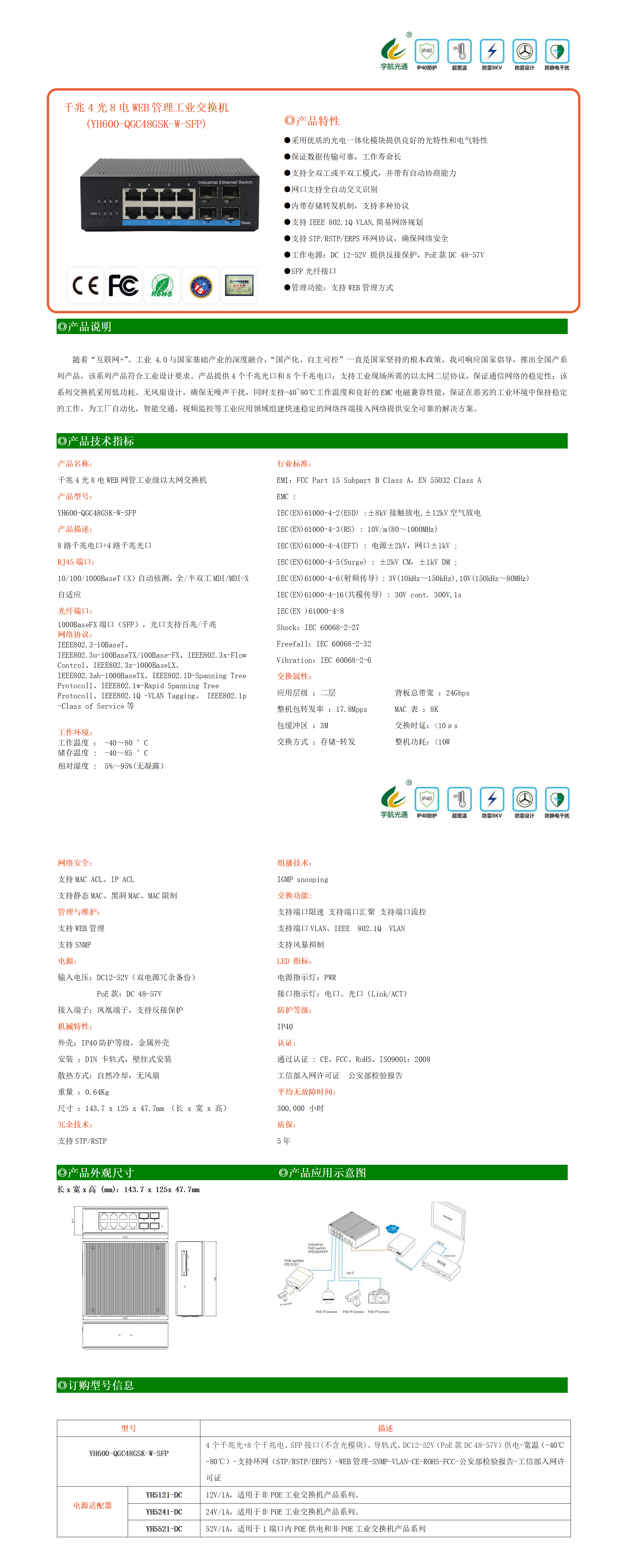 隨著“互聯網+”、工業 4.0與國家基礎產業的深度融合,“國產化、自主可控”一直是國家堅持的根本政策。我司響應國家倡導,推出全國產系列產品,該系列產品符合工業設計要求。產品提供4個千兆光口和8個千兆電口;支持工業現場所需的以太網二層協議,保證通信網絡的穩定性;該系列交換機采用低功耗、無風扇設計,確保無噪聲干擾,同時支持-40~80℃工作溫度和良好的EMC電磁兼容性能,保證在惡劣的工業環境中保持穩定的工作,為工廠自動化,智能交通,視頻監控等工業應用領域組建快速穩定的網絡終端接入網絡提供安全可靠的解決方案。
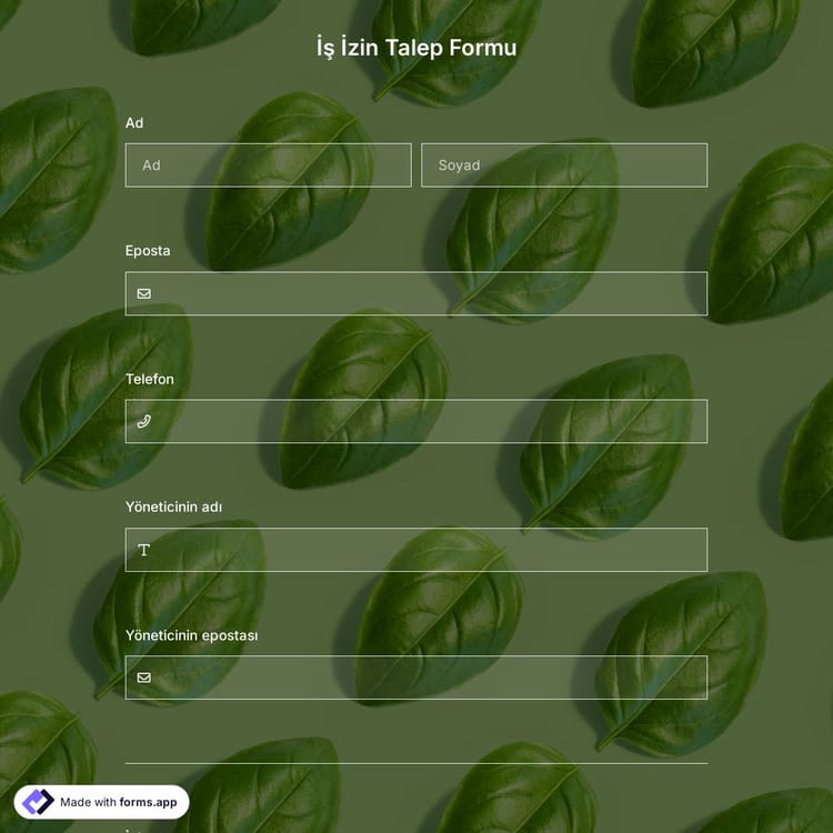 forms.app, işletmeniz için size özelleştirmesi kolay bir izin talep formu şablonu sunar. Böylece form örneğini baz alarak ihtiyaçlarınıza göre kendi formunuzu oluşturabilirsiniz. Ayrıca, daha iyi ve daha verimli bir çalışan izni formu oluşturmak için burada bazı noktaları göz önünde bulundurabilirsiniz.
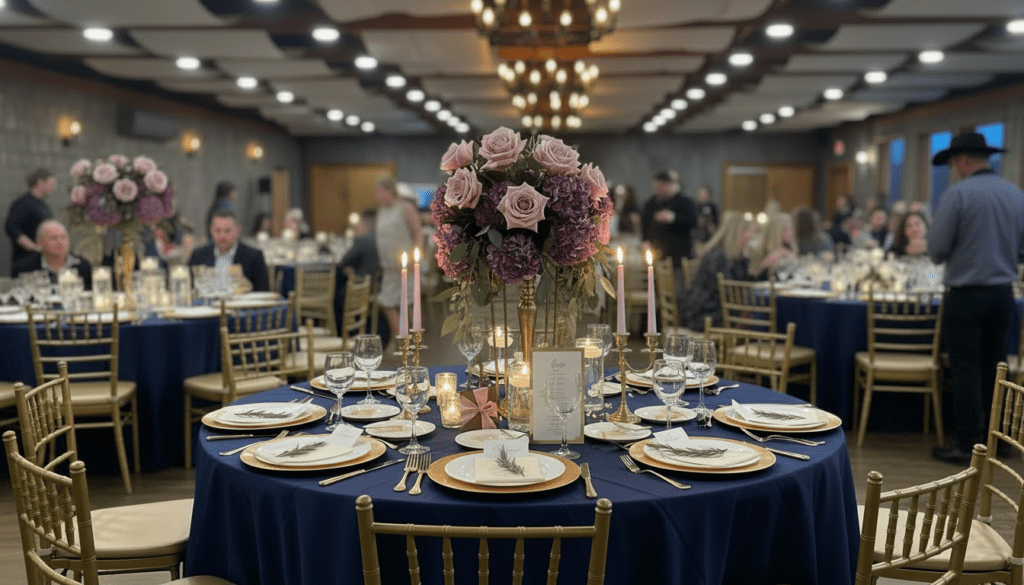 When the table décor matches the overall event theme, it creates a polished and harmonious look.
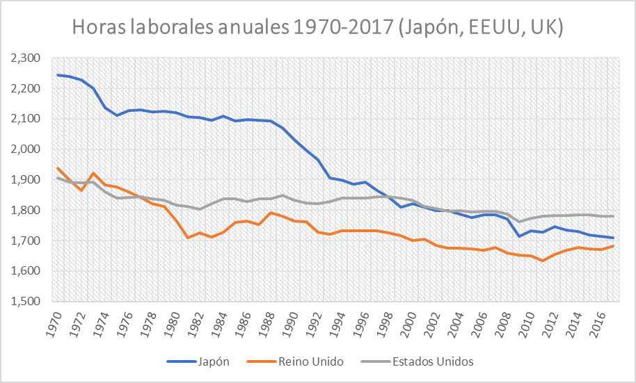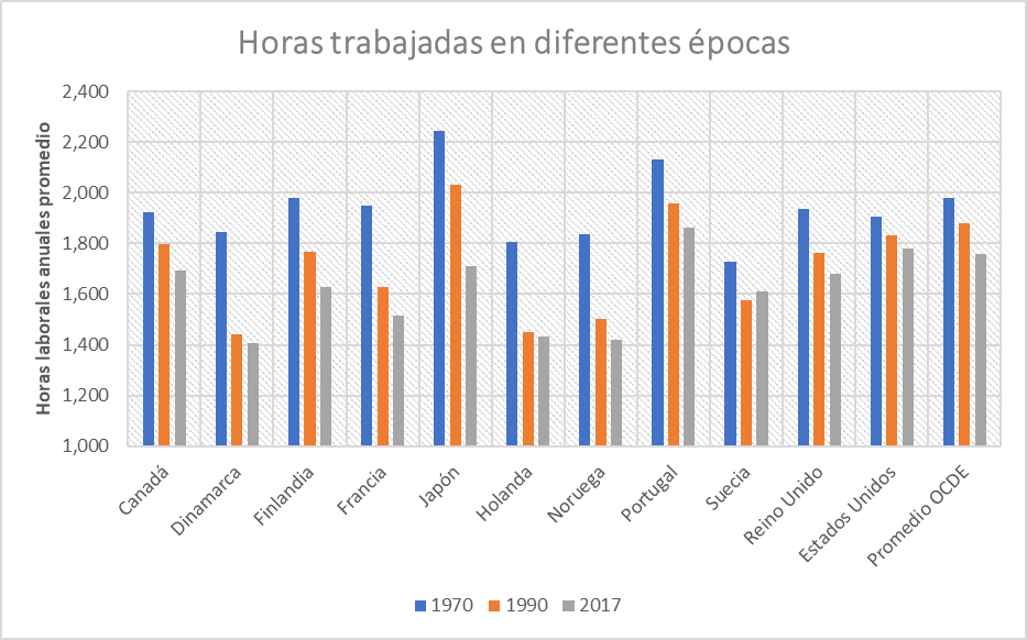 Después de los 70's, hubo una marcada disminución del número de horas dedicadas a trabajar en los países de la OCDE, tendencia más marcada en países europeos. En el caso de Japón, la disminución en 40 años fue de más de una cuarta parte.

#### Task item:
Only the pictures are to be left out; repeat all other material exactly.

#### Exercise result:
 隨著“互聯網+”、工業 4.0與國家基礎產業的深度融合,“國產化、自主可控”一直是國家堅持的根本政策。我司響應國家倡導,推出全國產系列產品,該系列產品符合工業設計要求。產品提供4個千兆光口和8個千兆電口;支持工業現場所需的以太網二層協議,保證通信網絡的穩定性;該系列交換機采用低功耗、無風扇設計,確保無噪聲干擾,同時支持-40~80℃工作溫度和良好的EMC電磁兼容性能,保證在惡劣的工業環境中保持穩定的工作,為工廠自動化,智能交通,視頻監控等工業應用領域組建快速穩定的網絡終端接入網絡提供安全可靠的解決方案。
 forms.app, işletmeniz için size özelleştirmesi kolay bir izin talep formu şablonu sunar. Böylece form örneğini baz alarak ihtiyaçlarınıza göre kendi formunuzu oluşturabilirsiniz. Ayrıca, daha iyi ve daha verimli bir çalışan izni formu oluşturmak için burada bazı noktaları göz önünde bulundurabilirsiniz.
 When the table décor matches the overall event theme, it creates a polished and harmonious look.
 Después de los 70's, hubo una marcada disminución del número de horas dedicadas a trabajar en los países de la OCDE, tendencia más marcada en países europeos. En el caso de Japón, la disminución en 40 años fue de más de una cuarta parte.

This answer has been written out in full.